Per diverso tempo gli studiosi sono stati pressoché concordi nel ritenere che al genere Neochmia (questa parola deriva dal greco Neokmia e significa “innovazione, cambiamento”) dovessero essere ascritti anche il Diamante codarossa, il D. modesto e l’Astro di Sidney. Il primo passo verso questo raggruppamento tassonomico si ebbe negli anni 1962 e 1965, allorquando il tedesco K. Immelmann ritenne che a tale taxon, oltre al D. fetonte, dovesse appartenere anche il D. codarossa poiché vari aspetti comportamentali e fenotipici sono simili, soprattutto se si prendono in esame le femmine e i giovani. Orientamento condiviso nel 1968 anche da E. Mayr (The sequence of genera in the Estrididae, Breviora 287: 114). Ma si dovette attendere l’anno 1987 per raccogliere le quattro specie in questo genere, allorquando L. Christidis, in base ai suoi studi cromosomiali ed elettroforetici, giunse a siffatta conclusione (Phylogeny and Systematics of EstrildineFinches and their relationships to Other Seed-eating Passerines, Emu 87: 119-123).
Tale “condivisione tassonomica” è attualmente contestata da un recente studio realizzato da U. Olsson e P. Alström (A comprehensive phylogeny and taxonomic evaluation of the waxbills -Aves: Estrildidae), reso disponibile onlineil 3 febbraio 2020 dalla Elsevier Inc.
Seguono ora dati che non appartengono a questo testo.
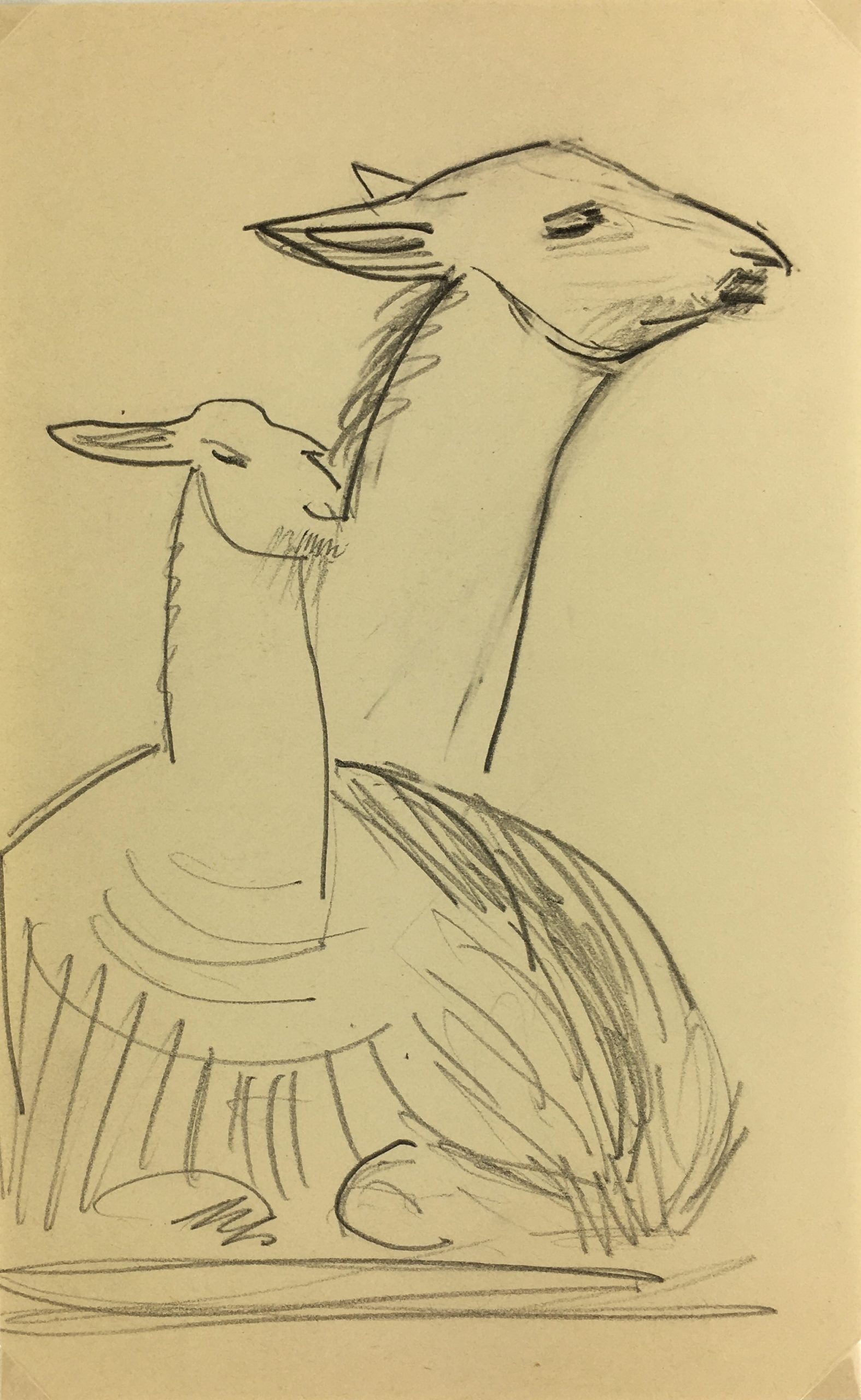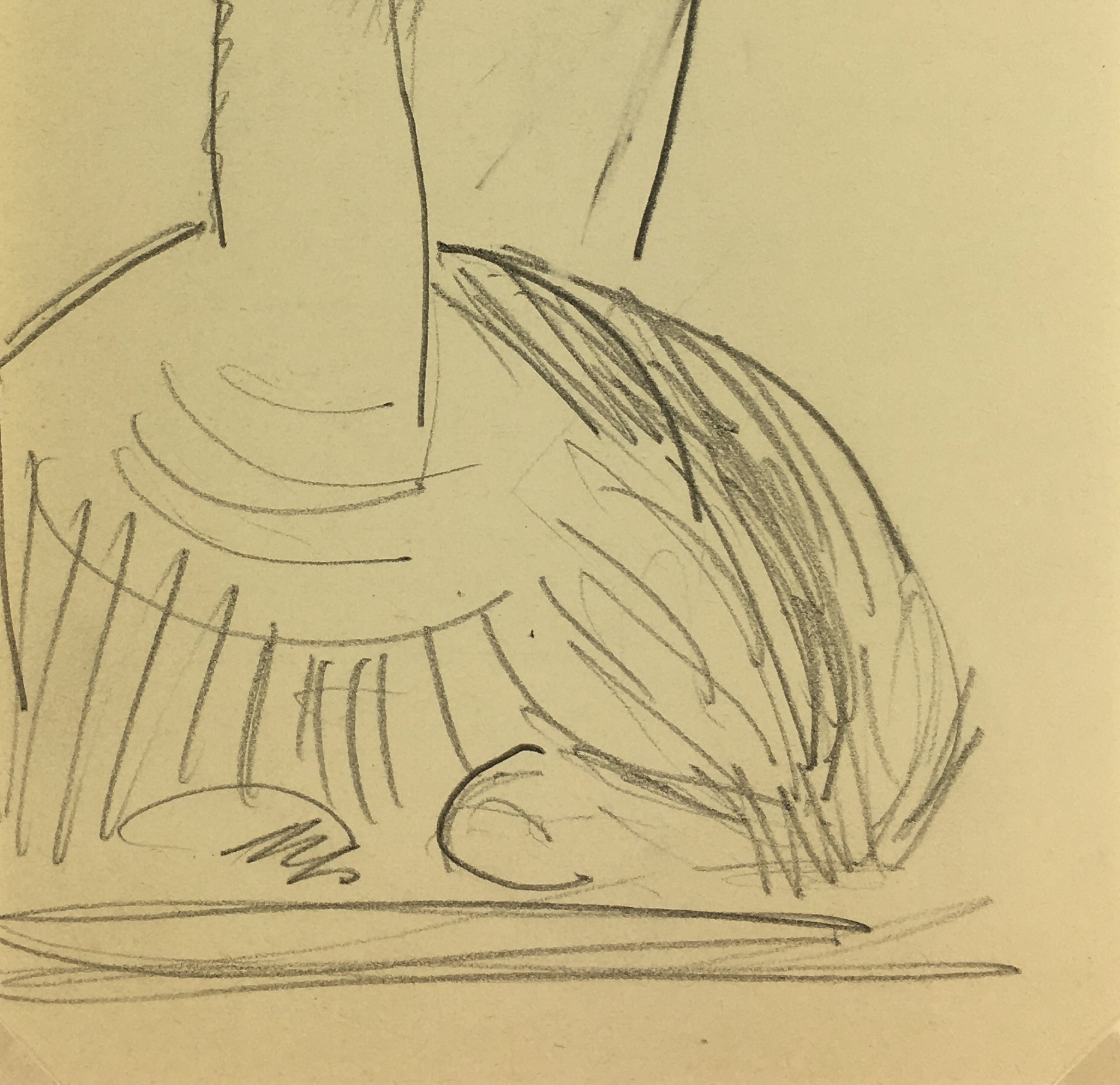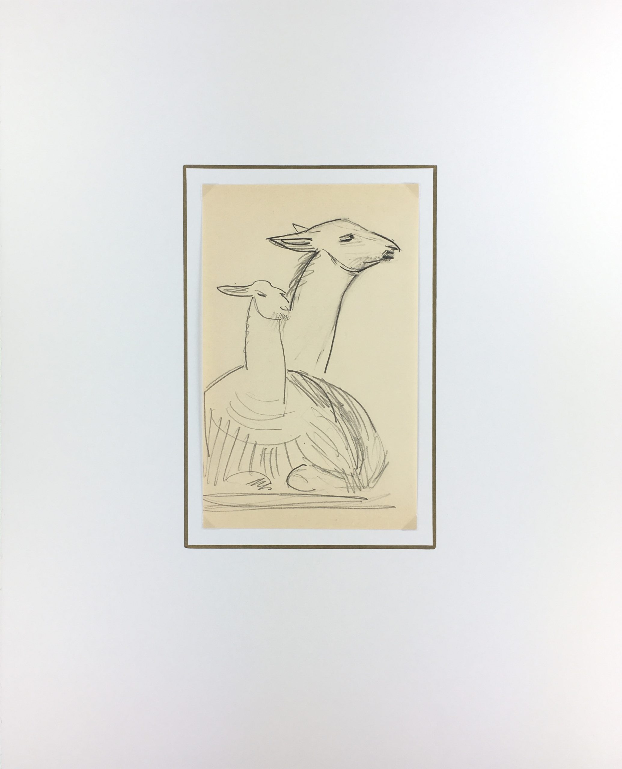 Original Art on paper displayed on a white mat with a gold border. Mat fits a standard-size frame. Archival plastic sleeve and Certificate of Authenticity included. Original Art, 5.5″W x 9″H; mat, 16″W x 20″H.
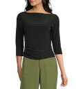 モアモア レディース トップス Tシャツ Moa Moa Boat Neck Quarter Sleeve Top Black ブラック

I due ricercatori, infatti, dopo accurati e numerosi esami genetici, sono giunti alla conclusione che il D. codarossa vada collocato nel genere Bathilda e il D. modesto nel genere Aidemosyne, mentre hanno inserito nel taxonNeochmia solo l’Astro di Sidney e il D. fetonte. Questa proposta è stata accolta pressoché unanimemente dalla collettività scientifica.